While the chicken cooks, make the onion and cilantro topping. It only takes a few minutes to prepare, and it adds an amazing flavor to the chicken. To assemble the tacos, place one piece of chicken on each set of two tortillas (still stacked together). Spread some of the onion and cilantro mixture over the chicken. Add a squeeze of lime juice on top and serve immediately.

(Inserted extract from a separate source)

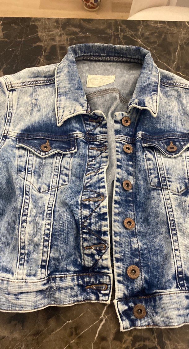 Düğmeli, kısa kollu ve kesimli yapısıyla bu kadın kot ceket, gri-mavi batik desenlidir. Normal midi uzunlukta, günlük sokak stiline uygundur.

It’s important to use an instant-read thermometer when making any chicken recipe. The internal temperature should reach 165 degrees F to ensure that the chicken is thoroughly cooked and safe to eat. You can also check for doneness by cutting into a piece of the chicken. If it is still uncooked or pink, continue cooking and check again in a few minutes. Once the chicken is finished cooking, rest for 5 minutes before chopping into bite-sized pieces.